Глумовы — страница 42 из 72

– Добрые-то люди в церковь ушли, а вы…

– Так мы не добрые люди! Ну-ка, чем мы хуже тебя? – пристал Илья к сестре.

– Говори – не кричи, и так можно.

– А вот мы еще прибавим на пятак.

И Илья начал неистово свистать.

– Смирно вы, ослы! – крикнул Петр Саввич, выведенный из терпенья поведением шуринов.

– Сам осел! – сказал Илья.

– Ах ты!.. – И Петр Саввич поднялся с кровати.

– Ну-ка, тронь! – закричал Илья. Глаза его засверкали.

– Пошел вон, негодяй! – крикнул Петр Саввич, подходя к Илье с кулаками.

– Сам вон!

Петр Саввич не выдержал, ударил Илью. Илья не спустил и хватил Петра Саввича по лицу кулаком, а потом залег в кухне на полати.

Петр Саввич рассвирепел, но не мог выцарапать с полатей Илью, так как тот сидел там в углу и отмахивался палкой. Павел был скромнее брата и во время драки вышел во двор. Между Ильей и Петром Саввичем началась такого рода перепалка.

– В чужом дому живешь, да хозяев гонишь, бесстыжий! – кричал Илья.

– А ты ничего не делаешь, осел! На чужом хлебе живешь.

– Хороши хлебы – и жену-то нечем кормить. Прогоню еще из дома-то…

– Илья, перестань! – вскричала Прасковья Игнатьевна. Лицо ее побледнело, самое ее трясло и от злости и от испуга.

– Не твое дело! – крикнул муж.

– Петр Саввич! разве неправда, что ты меня моришь… что соседи-то говорят, – проговорила Прасковья Игнатьевна и заплакала.

– У! черт! – проговорил Петр Саввич и стал одеваться.

Прасковья Игнатьевна плакала. Вдруг Петр Саввич подошел к ней и ударил ее по спине так, что жена взвизгнула.

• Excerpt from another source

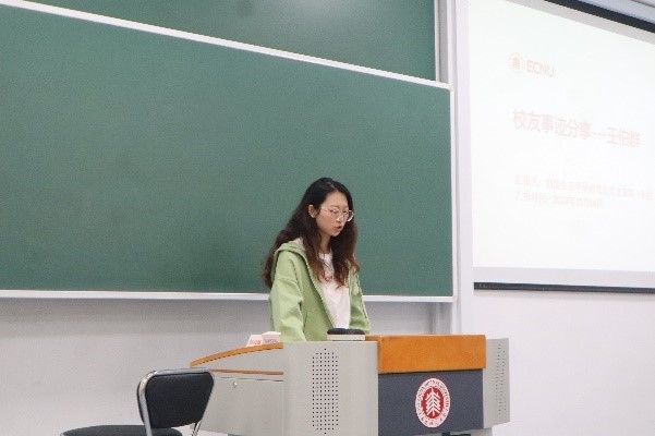 活动第二部分,同学们来到群贤堂(文史楼)111教室继续开展主题活动。生态学专业的景甜甜和环境科学专业的彭铖,作为学生代表依次上台进行优秀校友事迹分享,他们分别介绍了我校两位杰出校友王伯群和郭大力的故事。王伯群先生是我国近代民主革命的先驱者和政治家,也是我国现代教育的开拓者和爱国教育家。1924年,王伯群先生慷慨捐资创办大夏大学,并被公推为董事长。自此,他除参与政治活动之外,后半生全力投入大夏大学的建设、发展和繁荣上。他曾借鉴牛津、剑桥大学的管理经验,在国内高校中率先实行“导师制”,广招贤才,实施博雅通识教育,探索高等教育的现代化管理,为现代高等教育发展积累了丰富的经验。当时,华东师范大学被誉为“东方哥伦比亚大学”。

– Зачем ты ее бьешь-то? – вскочивши с полатей и подбежав к Петру Саввичу, сказал Илья. – И не стыдно тебе?… По миру заставляешь ходить!

Петр Саввич затих. Он сознавал, что он сегодня наделал сгоряча много глупостей, но просить прощения у шурина и жены ему не хотелось; не хотелось также в присутствии шурина утешить жену, и он, не простившись с ней и не сказав ей ни слова, вышел. Когда он поравнялся с окном, Прасковья Игнатьевна отворила окно и спросила робко:

– Петр Саввич… купи муки.

– Куплю. – И он пошел.

– Топить печь-то?

– Я почем знаю. – И он зашагал скоро по грязи.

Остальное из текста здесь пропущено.